While the seventh-ranked maegashira flipped the script in the penultimate bout at Aichi Prefectural Gymnasium to move to 9-2, ozeki Musoyama walked away the vanquished in an upset to Toki to fall into a pack of six wrestlers one behind the leader at 8-3 with just four days remaining in Nagoya.

Tokitsuumi gave Tochiazuma a run for his money and won the whole pot, allowing no leeway as he manhandled the ozeki with a stiff right-handed grip and eventually escorted him over the straw bales to the amazement of the crowd.

Musoyama charged quickly out of the blocks in the final bout but the fourth-ranked maegashira Toki (7-4) kept the ozeki at bay with some well-placed head thrusts before using the forward momentum to drop his opponent to his third loss.

Kaio, who is in the chase for his first Emperor’s Cup since Nagoya 2001, wrapped his hefty arms around Kyokutenho (4-7) before slinging the sekiwake down by the “mawashi” for a bread-and-butter eighth win.

Ozeki Chiyotaikai knocked Tosanoumi (8-3) down a rung and out of a share for the lead as he bludgeoned the fifth-ranked maegashira with a flurry of thrusts to the neck before shoving him to the clay.

Chiyotaikai, the defending Nagoya champion, improved to 8-3 and seeks his fourth overall title as the 15-day tourney winds down.

Top-ranked maegashira Miyabiyama (8-3) notched a winning record in his third consecutive tournament with a convincing frontal force-out of Kaiho (6-5) and still has a shot for the coveted hardware.

Kotomitsuki, a former ozeki candidate, had a fierce but quick exchange with the ever-popular Takamisakari. The swashbuckling third-ranked Takamisakari stopped Kotomitsuki dead in his tracks before pulling him abruptly to the dirt surface, leaving both men at 7-4.
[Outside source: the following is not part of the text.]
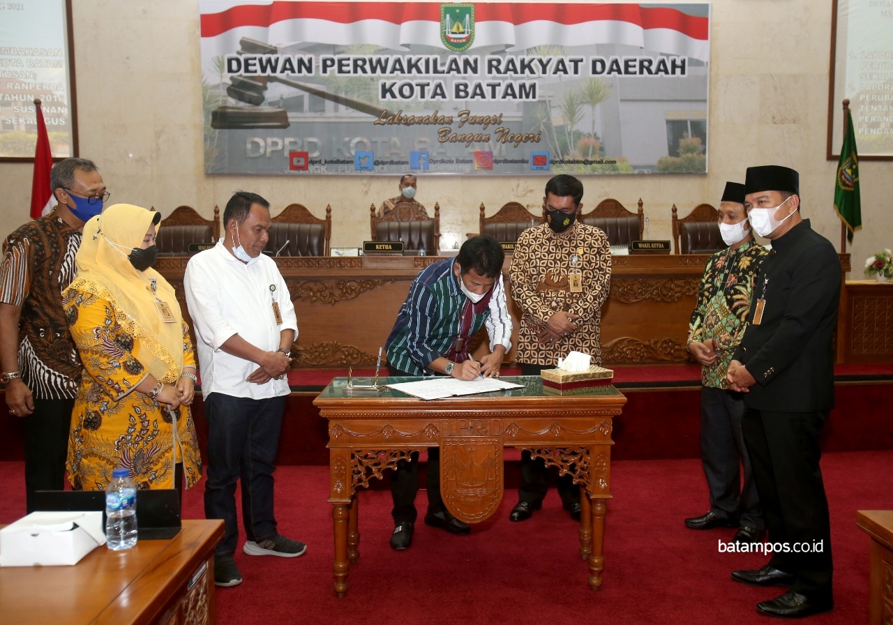 batampso.co.id – Pemko Batam dan DPRD Batam menyepakati Rancangan Peraturan Daerah tentang perubahan atas Peraturan Daerah (Perda) Kota Batam Nomor 10 tahun 2016 tentang pembentukan dan susunan perangkat daerah menjadi Peraturan Daerah (Perda).

In earlier bouts, Mongolian Asasekiryu (6-5), a ninth-ranked maegashira, spun deftly around Kinkaiyama (6-5) before shunting the 15th-ranked maegashira over the ridge for a comfortable victory.

Twelfth-ranked maegashira Kasuganishiki (8-3) swept down No. 14 maegashira Ushiomaru (5-6) to post his first winning record in the elite makuuchi division and stayed in arms length of the leader.

Mongolian Kyokushuzan, who has been embroiled in a bust-up with resting yokozuna Asashoryu in and out of the ring, fell to his 10th defeat in a one-way affair with Tochinonada (5-6).

The fallout with his grand champion compatriot appears to have settled after Kyokushuzan put in a call to Asashoryu, asking that the two resolve their differences for the sake of sumo.